We will begin with a simple, but nevertheless, elegant algorithm for classification and regression: $k$-nearest-neighbors ($k$NN). In brief, the classification or regression output is determined by examining the $k$ nearest neighbors in the training set, where $k$ is a user defined number. Typically, though not always, calculated distances are Euclidean, and the final classification is assigned to whichever class has a plurality within the $k$ nearest neighbors (in the case of regression, the average of the $k$ neighbors is the output from the model).
Note - you should be worried about how to select the number $k$. We will re-visit this in further detail on Friday.
In scikit-learn the KNeighborsClassifer algorithm is implemented as part of the sklearn.neighbors module.

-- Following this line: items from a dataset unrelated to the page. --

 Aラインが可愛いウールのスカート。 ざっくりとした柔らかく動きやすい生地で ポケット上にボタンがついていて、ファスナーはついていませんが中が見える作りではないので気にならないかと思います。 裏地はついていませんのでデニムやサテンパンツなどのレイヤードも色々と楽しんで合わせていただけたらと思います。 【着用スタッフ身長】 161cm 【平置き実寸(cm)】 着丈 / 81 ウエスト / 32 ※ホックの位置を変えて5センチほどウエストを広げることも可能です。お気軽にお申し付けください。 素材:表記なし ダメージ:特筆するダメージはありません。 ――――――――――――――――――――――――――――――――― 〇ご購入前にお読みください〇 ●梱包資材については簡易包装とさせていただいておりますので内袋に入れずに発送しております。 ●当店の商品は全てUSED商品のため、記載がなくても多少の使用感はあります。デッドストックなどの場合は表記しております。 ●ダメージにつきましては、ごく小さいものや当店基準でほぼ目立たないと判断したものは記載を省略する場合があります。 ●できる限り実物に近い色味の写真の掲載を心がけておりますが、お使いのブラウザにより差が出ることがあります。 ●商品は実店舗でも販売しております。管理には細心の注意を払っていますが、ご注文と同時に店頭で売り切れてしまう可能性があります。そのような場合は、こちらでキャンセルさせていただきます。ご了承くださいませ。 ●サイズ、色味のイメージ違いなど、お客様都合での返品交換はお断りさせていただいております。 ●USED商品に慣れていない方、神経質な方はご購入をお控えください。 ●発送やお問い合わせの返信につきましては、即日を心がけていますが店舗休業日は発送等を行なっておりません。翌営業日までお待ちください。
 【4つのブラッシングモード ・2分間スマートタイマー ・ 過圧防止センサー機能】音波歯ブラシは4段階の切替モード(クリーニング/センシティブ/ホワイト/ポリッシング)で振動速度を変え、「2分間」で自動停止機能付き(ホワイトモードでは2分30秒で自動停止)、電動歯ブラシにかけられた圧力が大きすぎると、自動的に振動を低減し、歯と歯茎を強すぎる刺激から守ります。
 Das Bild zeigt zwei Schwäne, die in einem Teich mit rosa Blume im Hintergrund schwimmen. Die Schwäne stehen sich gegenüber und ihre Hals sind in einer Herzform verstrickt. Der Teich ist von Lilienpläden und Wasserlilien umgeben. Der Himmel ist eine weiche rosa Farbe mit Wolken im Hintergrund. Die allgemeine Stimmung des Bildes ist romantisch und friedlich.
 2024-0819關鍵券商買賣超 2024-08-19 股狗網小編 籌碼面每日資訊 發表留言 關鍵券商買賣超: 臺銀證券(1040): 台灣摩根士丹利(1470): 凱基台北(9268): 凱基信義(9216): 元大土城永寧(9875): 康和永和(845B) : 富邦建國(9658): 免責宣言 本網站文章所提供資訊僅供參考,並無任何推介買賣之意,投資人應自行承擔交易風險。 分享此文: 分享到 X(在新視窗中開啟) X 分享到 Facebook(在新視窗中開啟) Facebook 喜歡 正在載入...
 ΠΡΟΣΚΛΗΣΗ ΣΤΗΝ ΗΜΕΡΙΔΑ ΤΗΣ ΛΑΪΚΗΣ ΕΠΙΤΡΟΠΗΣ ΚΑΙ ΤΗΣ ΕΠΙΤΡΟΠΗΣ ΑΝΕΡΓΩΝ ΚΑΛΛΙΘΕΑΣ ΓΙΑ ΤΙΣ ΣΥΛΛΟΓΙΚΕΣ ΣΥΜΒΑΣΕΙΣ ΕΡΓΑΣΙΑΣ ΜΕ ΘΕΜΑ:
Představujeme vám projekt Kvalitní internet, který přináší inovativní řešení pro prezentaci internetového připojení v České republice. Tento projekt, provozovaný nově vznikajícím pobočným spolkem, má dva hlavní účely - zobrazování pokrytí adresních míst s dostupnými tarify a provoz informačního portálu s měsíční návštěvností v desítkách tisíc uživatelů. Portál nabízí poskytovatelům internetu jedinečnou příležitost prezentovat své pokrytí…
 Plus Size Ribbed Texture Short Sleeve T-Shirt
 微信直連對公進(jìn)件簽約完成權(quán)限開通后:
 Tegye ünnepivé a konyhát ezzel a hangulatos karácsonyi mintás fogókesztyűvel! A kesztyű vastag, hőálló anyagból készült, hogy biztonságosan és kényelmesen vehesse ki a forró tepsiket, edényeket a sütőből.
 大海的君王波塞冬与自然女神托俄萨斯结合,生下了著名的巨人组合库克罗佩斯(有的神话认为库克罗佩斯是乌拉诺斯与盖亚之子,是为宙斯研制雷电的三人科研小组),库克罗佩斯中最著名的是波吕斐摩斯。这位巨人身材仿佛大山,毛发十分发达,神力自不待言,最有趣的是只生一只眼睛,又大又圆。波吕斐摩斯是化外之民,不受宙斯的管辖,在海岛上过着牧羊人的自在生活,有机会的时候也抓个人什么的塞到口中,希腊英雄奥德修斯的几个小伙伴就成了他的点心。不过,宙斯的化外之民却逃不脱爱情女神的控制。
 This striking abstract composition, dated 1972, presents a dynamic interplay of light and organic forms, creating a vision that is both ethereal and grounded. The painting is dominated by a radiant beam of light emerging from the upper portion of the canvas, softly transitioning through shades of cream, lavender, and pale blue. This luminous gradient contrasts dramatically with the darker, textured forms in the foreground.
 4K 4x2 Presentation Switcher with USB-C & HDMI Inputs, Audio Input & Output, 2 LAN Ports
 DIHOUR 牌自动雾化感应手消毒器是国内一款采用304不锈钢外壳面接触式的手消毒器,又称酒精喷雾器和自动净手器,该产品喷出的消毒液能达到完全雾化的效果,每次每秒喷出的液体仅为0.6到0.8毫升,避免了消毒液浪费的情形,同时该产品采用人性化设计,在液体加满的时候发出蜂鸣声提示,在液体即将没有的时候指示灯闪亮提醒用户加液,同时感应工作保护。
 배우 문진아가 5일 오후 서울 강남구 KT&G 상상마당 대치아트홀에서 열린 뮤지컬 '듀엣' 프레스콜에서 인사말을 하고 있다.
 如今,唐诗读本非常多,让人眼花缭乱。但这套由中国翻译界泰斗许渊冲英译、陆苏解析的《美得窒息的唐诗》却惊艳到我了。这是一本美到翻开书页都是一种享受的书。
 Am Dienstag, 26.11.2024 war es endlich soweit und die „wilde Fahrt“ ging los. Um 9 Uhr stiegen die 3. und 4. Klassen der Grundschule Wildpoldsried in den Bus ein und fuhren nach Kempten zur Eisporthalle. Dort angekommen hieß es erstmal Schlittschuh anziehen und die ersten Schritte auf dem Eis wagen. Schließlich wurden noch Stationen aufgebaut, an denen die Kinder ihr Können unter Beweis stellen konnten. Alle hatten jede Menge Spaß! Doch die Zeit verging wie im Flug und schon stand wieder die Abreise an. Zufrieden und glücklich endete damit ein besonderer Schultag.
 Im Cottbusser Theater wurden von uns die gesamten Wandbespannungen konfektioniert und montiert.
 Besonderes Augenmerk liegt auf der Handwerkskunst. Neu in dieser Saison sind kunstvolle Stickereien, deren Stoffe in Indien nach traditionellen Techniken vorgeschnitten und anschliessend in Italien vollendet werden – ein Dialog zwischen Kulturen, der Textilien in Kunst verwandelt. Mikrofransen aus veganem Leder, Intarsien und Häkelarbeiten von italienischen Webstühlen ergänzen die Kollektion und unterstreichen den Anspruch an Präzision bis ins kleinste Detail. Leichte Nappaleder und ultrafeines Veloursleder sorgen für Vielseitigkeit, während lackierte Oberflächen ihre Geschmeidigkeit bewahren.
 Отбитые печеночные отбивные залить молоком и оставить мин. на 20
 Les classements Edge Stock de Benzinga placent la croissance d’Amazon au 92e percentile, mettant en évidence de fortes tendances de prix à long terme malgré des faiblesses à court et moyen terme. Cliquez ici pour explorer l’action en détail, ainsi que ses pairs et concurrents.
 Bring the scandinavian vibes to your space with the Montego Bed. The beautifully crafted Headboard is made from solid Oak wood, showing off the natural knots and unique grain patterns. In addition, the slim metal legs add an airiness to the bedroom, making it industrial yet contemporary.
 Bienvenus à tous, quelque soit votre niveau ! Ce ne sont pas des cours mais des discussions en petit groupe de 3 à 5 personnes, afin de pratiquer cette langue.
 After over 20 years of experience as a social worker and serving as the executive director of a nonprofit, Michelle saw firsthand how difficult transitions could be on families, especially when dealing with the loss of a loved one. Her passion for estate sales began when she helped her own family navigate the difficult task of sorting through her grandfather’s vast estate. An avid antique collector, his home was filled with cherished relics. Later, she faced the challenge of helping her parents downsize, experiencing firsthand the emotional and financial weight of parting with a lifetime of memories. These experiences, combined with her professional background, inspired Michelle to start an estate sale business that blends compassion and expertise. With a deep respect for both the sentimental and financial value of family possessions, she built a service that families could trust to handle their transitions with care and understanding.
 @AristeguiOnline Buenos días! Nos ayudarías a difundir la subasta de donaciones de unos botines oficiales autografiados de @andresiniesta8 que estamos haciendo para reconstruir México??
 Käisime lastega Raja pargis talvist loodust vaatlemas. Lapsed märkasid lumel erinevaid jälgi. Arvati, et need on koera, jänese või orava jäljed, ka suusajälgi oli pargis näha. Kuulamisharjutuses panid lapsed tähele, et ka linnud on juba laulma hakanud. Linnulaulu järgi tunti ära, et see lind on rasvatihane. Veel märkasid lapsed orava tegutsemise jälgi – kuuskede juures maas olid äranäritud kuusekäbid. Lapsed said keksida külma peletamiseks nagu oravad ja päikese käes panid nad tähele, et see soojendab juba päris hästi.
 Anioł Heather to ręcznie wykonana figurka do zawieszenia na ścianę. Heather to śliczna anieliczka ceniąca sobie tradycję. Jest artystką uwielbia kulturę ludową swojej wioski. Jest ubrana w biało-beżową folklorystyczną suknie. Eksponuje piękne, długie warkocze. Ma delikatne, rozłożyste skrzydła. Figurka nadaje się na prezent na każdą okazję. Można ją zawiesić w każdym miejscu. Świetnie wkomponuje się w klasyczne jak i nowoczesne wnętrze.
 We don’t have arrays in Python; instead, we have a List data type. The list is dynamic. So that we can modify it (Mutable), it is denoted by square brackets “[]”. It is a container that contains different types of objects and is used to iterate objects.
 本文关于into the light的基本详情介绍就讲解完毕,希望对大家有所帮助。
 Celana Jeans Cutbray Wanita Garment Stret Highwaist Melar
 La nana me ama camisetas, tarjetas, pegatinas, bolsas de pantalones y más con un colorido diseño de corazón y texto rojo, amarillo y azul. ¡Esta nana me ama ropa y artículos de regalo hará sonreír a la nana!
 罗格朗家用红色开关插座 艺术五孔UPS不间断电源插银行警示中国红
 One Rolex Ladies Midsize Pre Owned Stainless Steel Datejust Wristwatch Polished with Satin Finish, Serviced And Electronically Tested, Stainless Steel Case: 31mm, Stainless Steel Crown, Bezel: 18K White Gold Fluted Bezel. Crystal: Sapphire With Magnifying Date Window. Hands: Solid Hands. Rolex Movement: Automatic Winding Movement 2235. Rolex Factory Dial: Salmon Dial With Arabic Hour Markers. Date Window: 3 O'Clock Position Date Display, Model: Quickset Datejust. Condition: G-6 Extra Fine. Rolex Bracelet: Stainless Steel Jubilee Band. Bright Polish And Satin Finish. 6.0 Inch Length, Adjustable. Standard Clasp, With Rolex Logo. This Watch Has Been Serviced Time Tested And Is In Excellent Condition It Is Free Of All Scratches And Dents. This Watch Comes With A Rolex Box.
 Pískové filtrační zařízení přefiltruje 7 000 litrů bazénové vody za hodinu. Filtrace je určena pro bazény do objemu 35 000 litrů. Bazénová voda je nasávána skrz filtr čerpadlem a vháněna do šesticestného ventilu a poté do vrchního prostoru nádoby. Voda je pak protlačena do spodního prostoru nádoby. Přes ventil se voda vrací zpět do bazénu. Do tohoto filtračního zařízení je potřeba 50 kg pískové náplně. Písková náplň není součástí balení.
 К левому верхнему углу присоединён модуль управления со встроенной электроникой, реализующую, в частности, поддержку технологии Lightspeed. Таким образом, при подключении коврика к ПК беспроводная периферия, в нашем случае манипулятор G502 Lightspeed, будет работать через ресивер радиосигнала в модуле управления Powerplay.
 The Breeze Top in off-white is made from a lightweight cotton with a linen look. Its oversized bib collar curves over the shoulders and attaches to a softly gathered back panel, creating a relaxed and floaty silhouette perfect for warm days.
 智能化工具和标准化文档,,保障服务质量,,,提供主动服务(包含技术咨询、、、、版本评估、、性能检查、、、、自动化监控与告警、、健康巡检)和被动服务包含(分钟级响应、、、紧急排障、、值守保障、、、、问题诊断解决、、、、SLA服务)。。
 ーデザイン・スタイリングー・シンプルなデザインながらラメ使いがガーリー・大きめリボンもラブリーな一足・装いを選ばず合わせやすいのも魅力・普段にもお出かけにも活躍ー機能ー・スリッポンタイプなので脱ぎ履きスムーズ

from sklearn.neighbors import KNeighborsClassifier
KNNclf = KNeighborsClassifier()
See the docs to learn about the default options for KNeighborsClassifer.
Problem 2a
Fit two different $k$NN models to the iris data, one with 3 neighbors and one with 10 neighbors. Plot the resulting class predictions in the sepal length-sepal width plane (same plot as above).
How do the results compare to the true classifications?
Is there any reason to be suspect of this procedure?
Hint - recall that sklearn models are fit using the .fit(X,y) method, where X is the training data, or feature array, with shape [n_samples, n_features] and y is the targets, or label array, with shape [n_samples].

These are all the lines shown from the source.